▶ AIM OF THE TASK
Everything below from the line with "大合唱不仅展现着连队间的凝聚" through the line with "両手を自然に下ろした位置にあ" must be retyped exactly, except the pictures.

▶ DATA TO EXAMINE
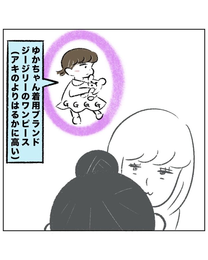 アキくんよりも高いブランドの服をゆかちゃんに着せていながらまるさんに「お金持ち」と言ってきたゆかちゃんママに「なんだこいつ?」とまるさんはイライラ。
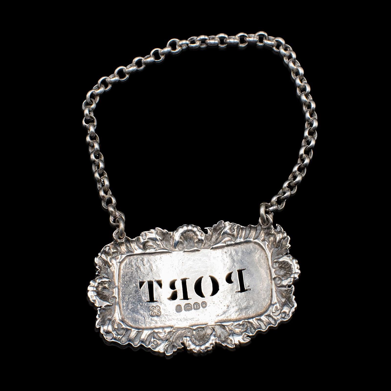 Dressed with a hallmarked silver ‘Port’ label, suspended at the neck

---

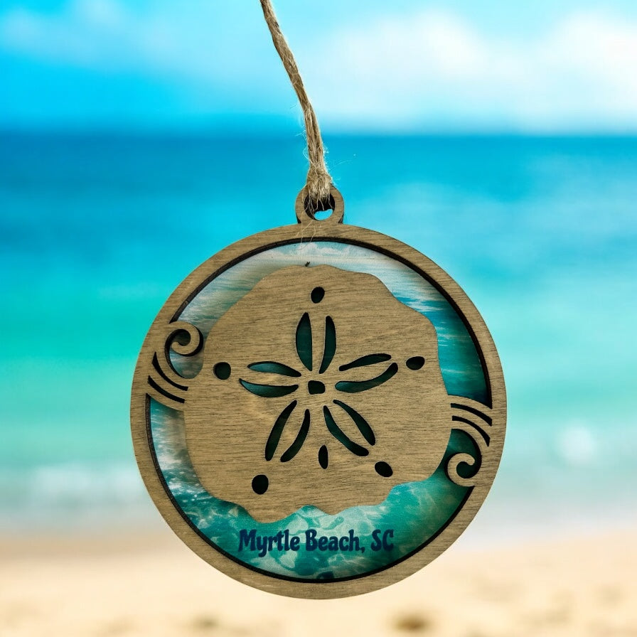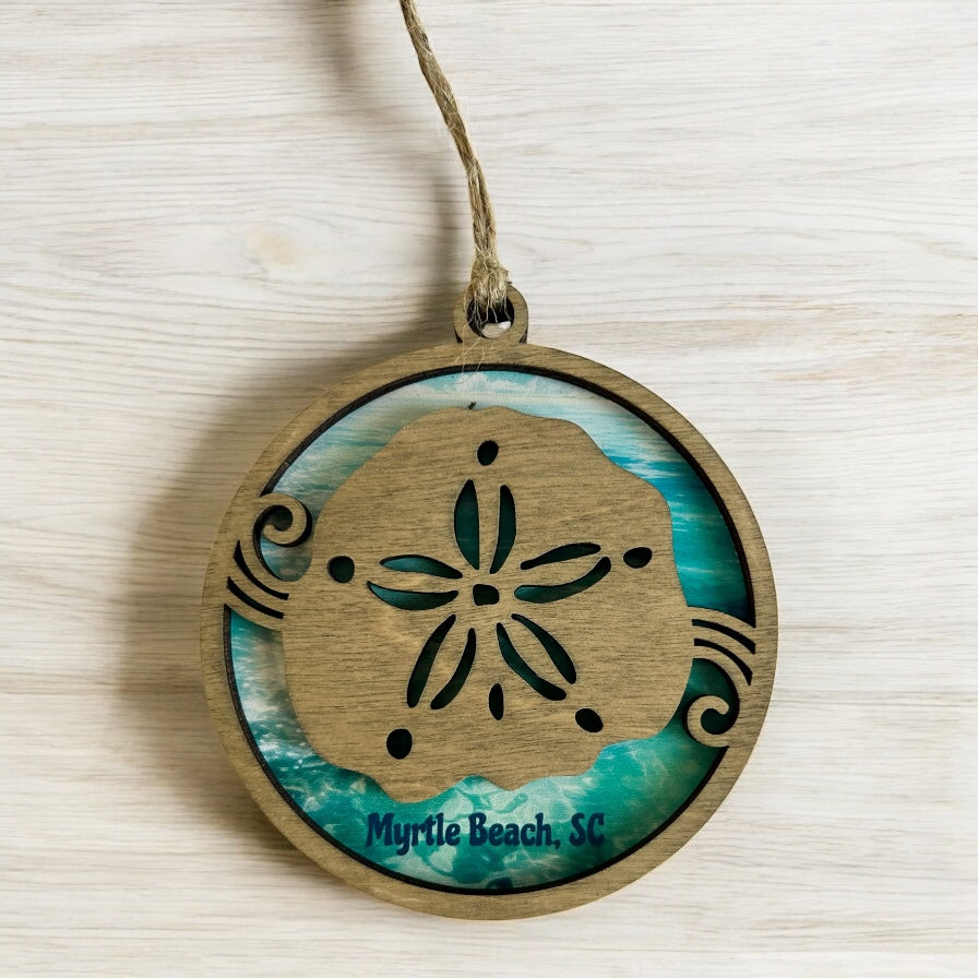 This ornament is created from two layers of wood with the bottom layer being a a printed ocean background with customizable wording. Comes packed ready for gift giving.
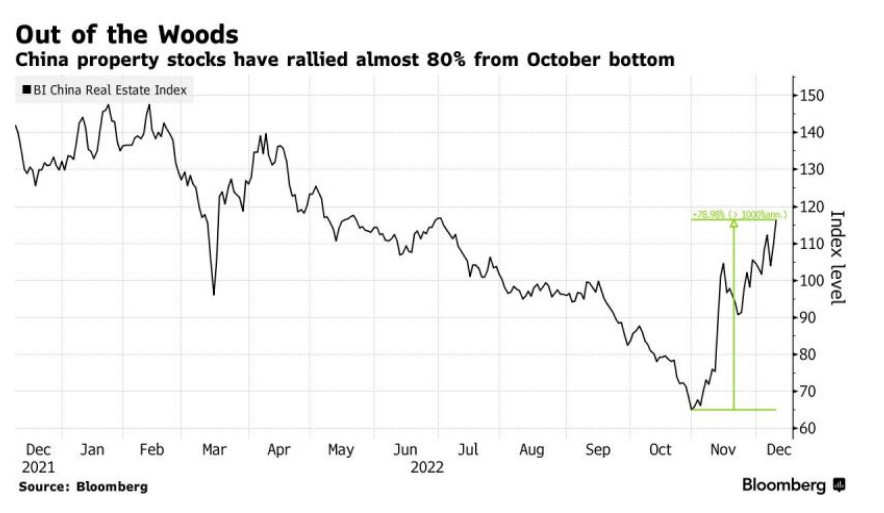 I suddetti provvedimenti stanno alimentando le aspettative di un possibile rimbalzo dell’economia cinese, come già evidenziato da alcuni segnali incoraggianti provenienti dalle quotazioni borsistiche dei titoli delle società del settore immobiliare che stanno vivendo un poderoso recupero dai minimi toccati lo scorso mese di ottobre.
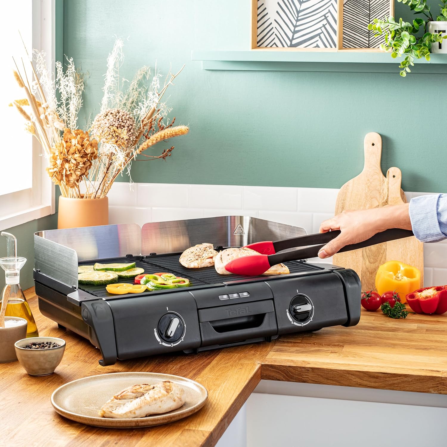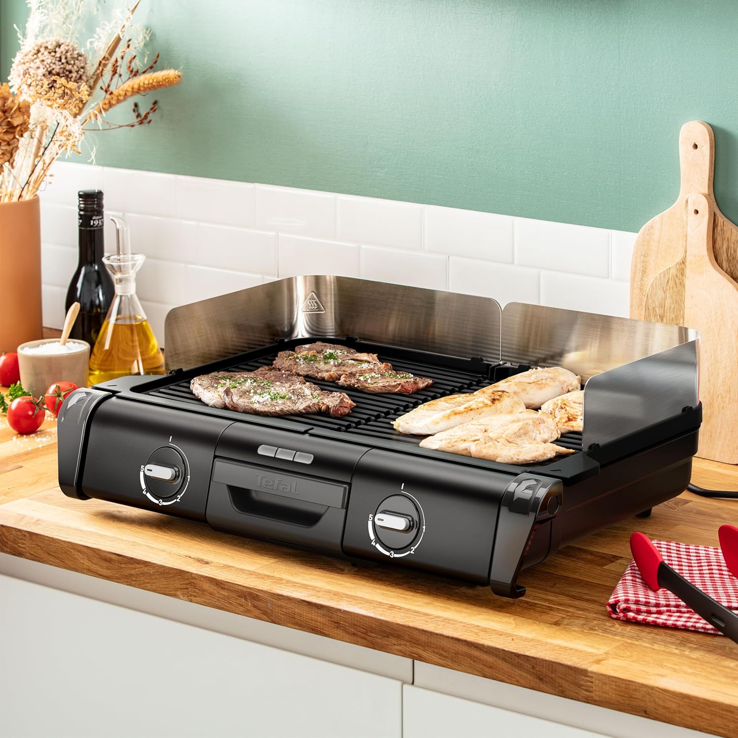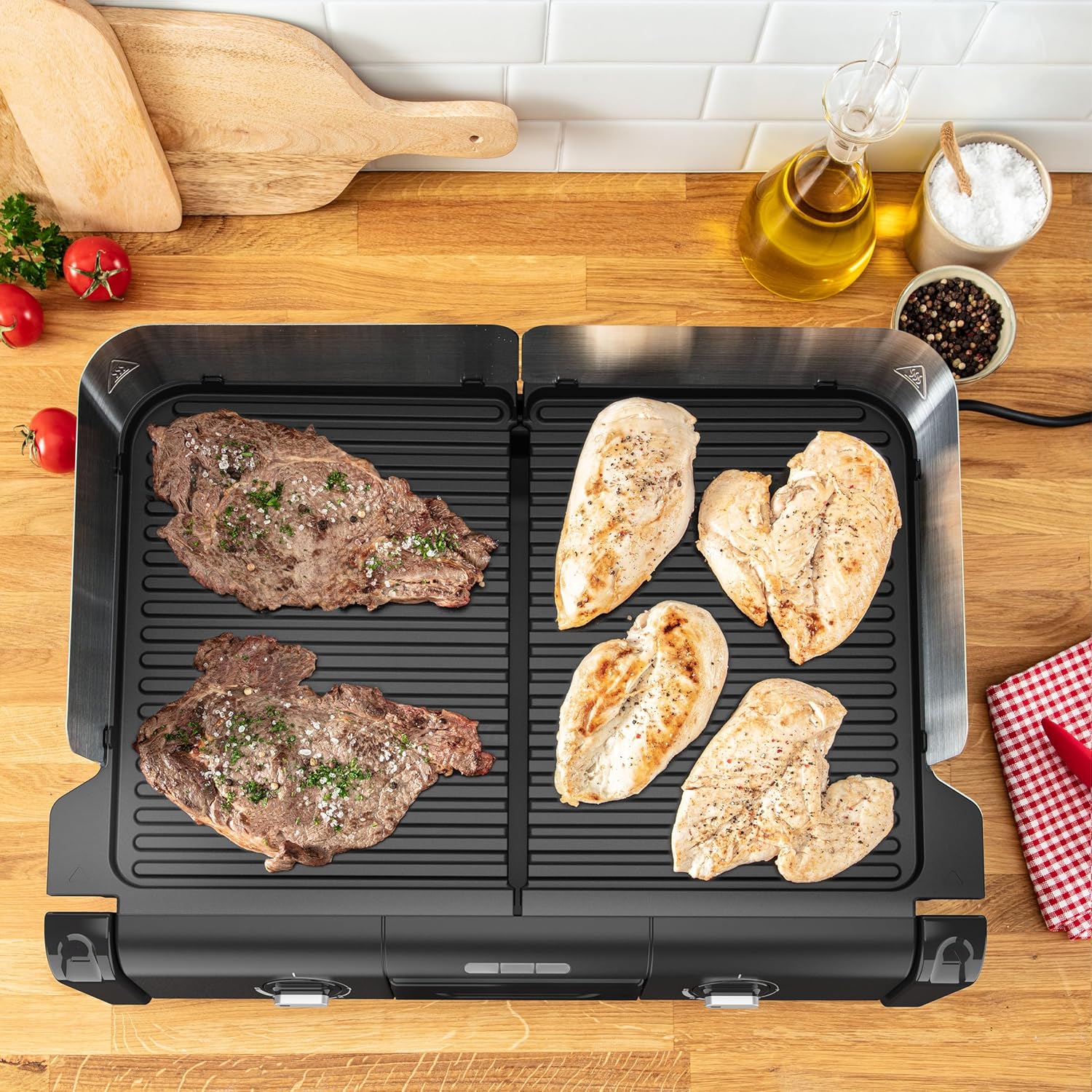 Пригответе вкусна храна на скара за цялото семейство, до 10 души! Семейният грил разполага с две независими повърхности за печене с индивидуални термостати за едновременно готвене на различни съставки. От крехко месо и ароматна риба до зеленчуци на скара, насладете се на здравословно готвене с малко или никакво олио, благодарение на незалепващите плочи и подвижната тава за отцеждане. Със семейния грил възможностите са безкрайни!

---

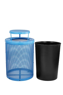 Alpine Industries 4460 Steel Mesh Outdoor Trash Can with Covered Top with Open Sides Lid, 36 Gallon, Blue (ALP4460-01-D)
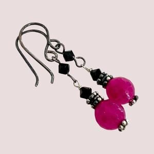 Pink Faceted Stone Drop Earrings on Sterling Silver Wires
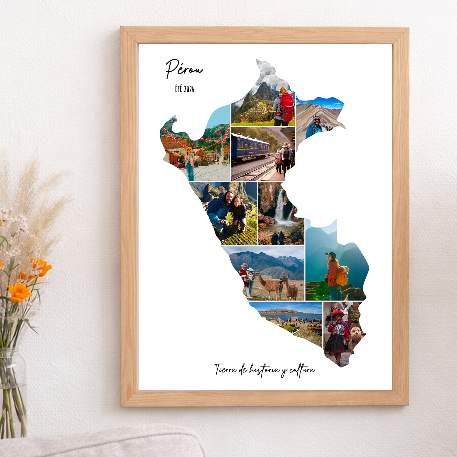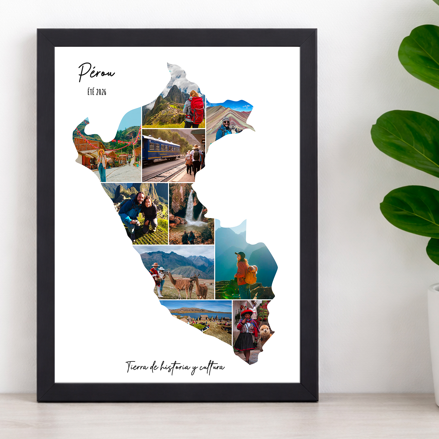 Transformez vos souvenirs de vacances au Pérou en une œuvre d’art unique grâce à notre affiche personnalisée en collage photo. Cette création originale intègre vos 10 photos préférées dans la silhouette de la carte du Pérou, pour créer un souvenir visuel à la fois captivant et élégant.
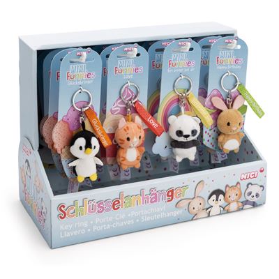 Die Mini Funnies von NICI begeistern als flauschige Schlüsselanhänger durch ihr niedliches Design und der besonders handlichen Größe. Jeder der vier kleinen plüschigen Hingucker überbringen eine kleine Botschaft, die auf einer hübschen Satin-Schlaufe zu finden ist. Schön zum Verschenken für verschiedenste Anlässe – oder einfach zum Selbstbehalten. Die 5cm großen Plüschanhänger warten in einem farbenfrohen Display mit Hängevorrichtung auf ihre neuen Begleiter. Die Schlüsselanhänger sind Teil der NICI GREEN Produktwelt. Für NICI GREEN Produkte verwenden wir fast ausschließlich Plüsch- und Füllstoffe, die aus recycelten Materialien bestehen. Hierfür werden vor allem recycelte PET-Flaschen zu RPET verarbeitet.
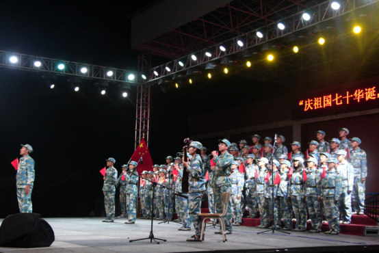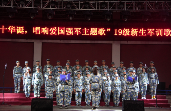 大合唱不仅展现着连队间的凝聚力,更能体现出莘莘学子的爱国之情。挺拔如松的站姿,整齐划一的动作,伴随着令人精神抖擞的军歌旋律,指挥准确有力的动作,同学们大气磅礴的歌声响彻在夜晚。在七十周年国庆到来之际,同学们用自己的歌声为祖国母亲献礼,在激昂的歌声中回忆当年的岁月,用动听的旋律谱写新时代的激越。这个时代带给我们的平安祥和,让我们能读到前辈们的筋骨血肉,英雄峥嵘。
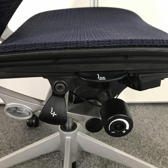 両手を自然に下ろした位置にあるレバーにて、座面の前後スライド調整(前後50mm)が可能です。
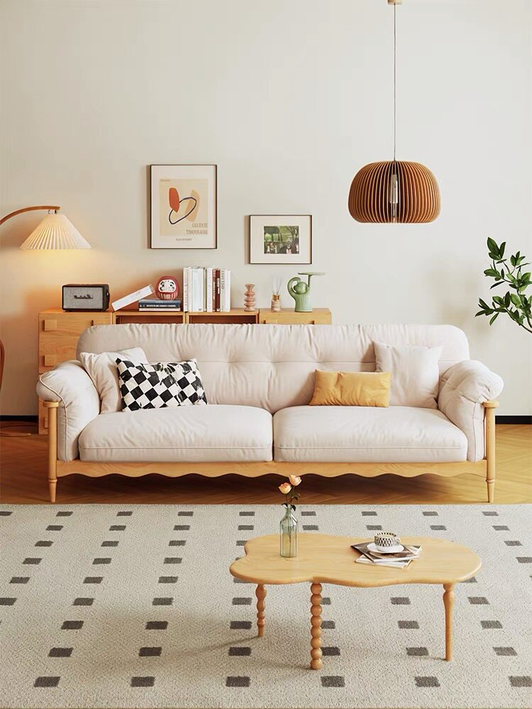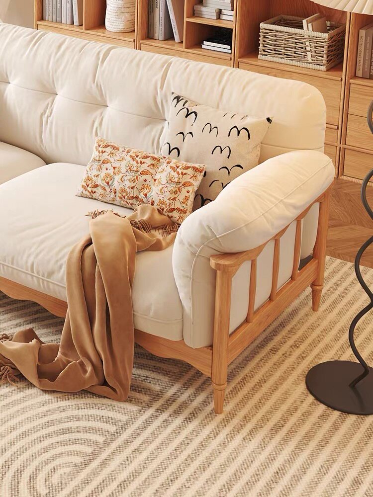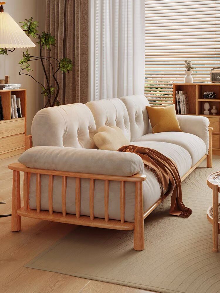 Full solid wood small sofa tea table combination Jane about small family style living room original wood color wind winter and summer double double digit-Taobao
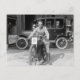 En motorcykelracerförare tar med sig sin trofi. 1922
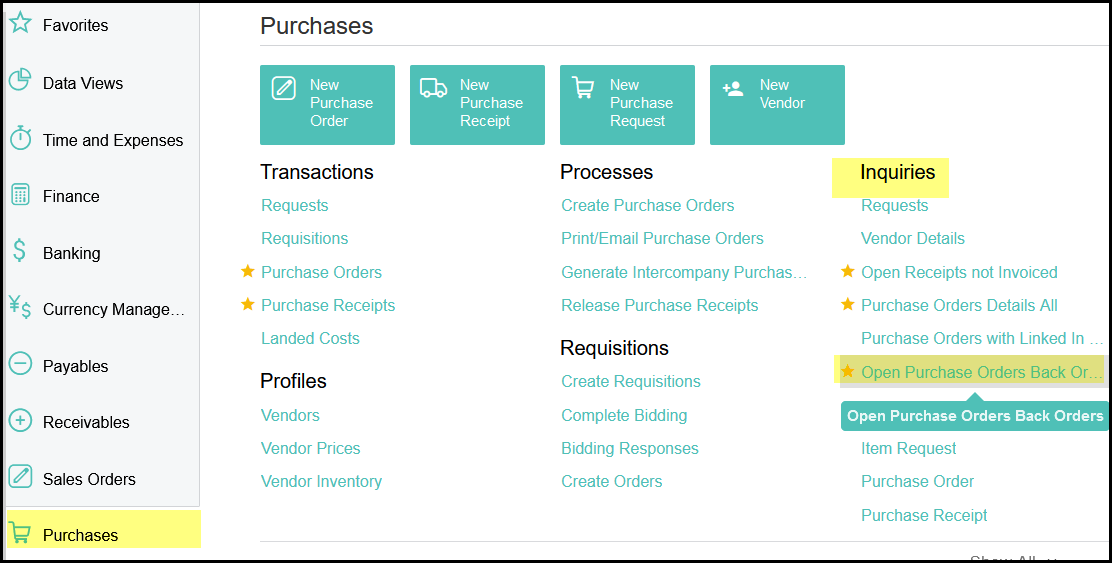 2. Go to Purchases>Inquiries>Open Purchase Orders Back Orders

▶ REPLY TO THE TASK
 大合唱不仅展现着连队间的凝聚力,更能体现出莘莘学子的爱国之情。挺拔如松的站姿,整齐划一的动作,伴随着令人精神抖擞的军歌旋律,指挥准确有力的动作,同学们大气磅礴的歌声响彻在夜晚。在七十周年国庆到来之际,同学们用自己的歌声为祖国母亲献礼,在激昂的歌声中回忆当年的岁月,用动听的旋律谱写新时代的激越。这个时代带给我们的平安祥和,让我们能读到前辈们的筋骨血肉,英雄峥嵘。
 両手を自然に下ろした位置にあるレバーにて、座面の前後スライド調整(前後50mm)が可能です。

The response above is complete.